Dès qu'ils furent instruits de cette affaire, tous les fonctionnaires du district vinrent saluer le poète et intercéder pour le gouverneur; ils le prièrent de s'asseoir à la première place dans la salle d'audience. Là, les cérémonies achevées, Ly-Pe déploya la pancarte impériale et la donna à lire aux magistrats assemblés. «Voyez, leur dit-il:—«Quiconque, parmi les officiers civils ou militaires, le peuple ou l'armée, lui manquera d'égards, sera considéré comme rebelle.»—D'après ce texte, quel châtiment avez-vous mérité?» Et les magistrats, à ces mots de l'édit impérial, s'étaient de nouveau prosternés tous ensemble, et ils redoublaient leurs salutations, en répétant: «Nous avons mille fois mérité la mort!»

Cependant, en les voyant tous si désolés, si suppliants, Ly-Pe se mit à sourire. «Ainsi, leur dit-il, vous recevez de sa Majesté des emplois et des traitements!... serait-ce par hasard pour tyranniser et opprimer le peuple?... Changez donc de conduite, effacez vos torts passés, et vous éviterez une humiliante punition.

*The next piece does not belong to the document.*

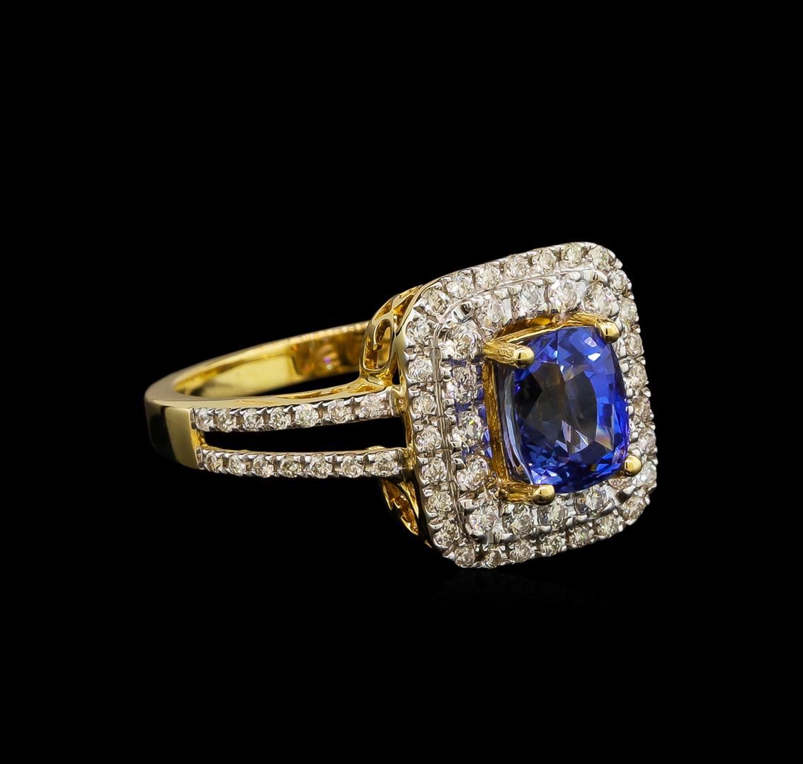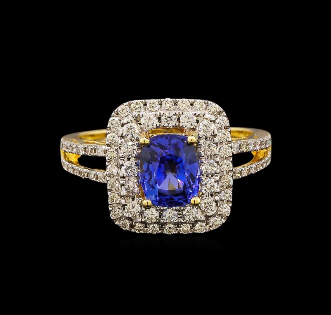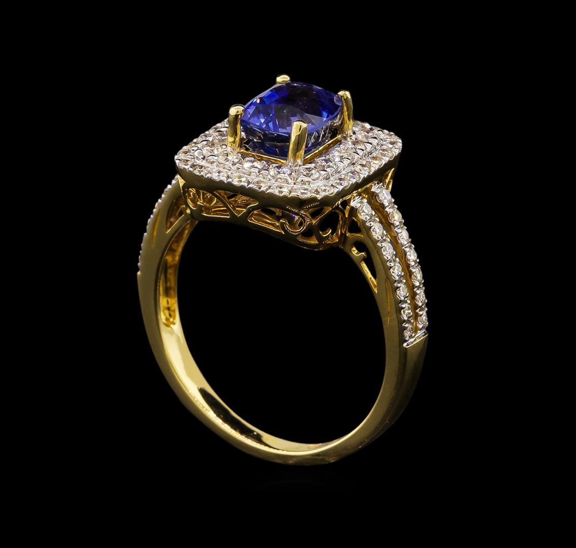 One electronically tested 14KT yellow gold lady's cast fashion ring with a cathedral split shank double halo with a bright polish finish. The featured lady's ring has a shank measuring 2.10 millimeters wide. Identified with markings of '14K'. Condition is new, good workmanship. Containing: One prong set rectangular cushion modified mixed cut natural blue sapphire, measuring 7.14 x 5.85 x 5.10mm, (depth est.) 5%. bulge factor, approximate weight of 2.08ct., clarity is eye clean, medium, moderately strong, blue color, (GIA B 5/4), cut is very good. Transmitting light with no distortion, transparent. Colored gemstones are presumed to have been subjected to commonly used enhancement processes. Graded in the setting. Sixteen prong set round brilliant cut diamonds, measuring 1.50 - 1.40 x 0.90mm (depth est.) approximate total weight of 16 Stones = 0.18ct. Graded in the setting. Clarity SI-1 to SI-2. Color: H - I Cut Good Fifty-Six prong set round brilliant cut diamonds, measuring 1.20 - 1.15 x 0.73mm (depth est.) approximate total weight of 56 Stones = 0.36ct. Graded in the setting. Clarity SI-1 to SI-2. Color: H - I Cut Good. Total Weight of Colored Stones 2.08ct.. Total Weight of Diamonds 0.54ct.. Total Weight of Ring 4.20gm. GAS Appraised at $11,755.00.

Les magistrats avaient joint les mains en entendant ces paroles: chacun d'eux en particulier s'en souvint et s'y conforma, et personne n'osa se laisser aller aux mêmes fautes. On prépara un grand festin dans la salle d'audience, et Ly-Pe fut magnifiquement traité: on ne se sépara qu'au bout de trois jours. Quant au gouverneur de Hoa-Yn, il purifia son cœur, revint à des sentiments de justice et fut par la suite un excellent magistrat.

Toutefois, la nouvelle de cette aventure s'étant répandue dans la province, on en conjectura généralement que le docteur Ly-Pe faisait une tournée incognito, pour examiner les mœurs du pays et surveiller la conduite des magistrats; et il n'y en eut aucun qui ne renonçât à ses habitudes de cupidité pour adopter des principes meilleurs; aucun qui, de pervers qu'il était, ne devînt honnête et vertueux.

Le poète parcourut l'un après l'autre le pays de Tchao, de Wei, de Yen, de Tsin, de Tsy, de Leang et de Tsou, choisissant les fleuves et les montagnes pour lieu de halte dans les tavernes et pour sujet de vers. Mais, à l'occasion de la révolte de Ngan-Lo-Chan[28], l'Empereur s'était retiré dans le pays de Cho, avait fait périr son favori Yang-Kouey au milieu de l'armée, et pendre l'Impératrice dans une pagode bouddhique, Ly-Pe, afin d éviter ces troubles, alla se cacher au mont Lou-Tchan.

Lorsque Tching-Wang-Ling, général en chef, commandant du sud-est, profitant des circonstances, songea à monter sur le trône; il se souvint de ce qu'on avait dit des talents de Ly-Pe, le força de descendre de sa montagne et voulut lui donner une place que le poète ne pouvait accepter sans trahison. Il refusa donc cette offre, mais il fut retenu au camp du général.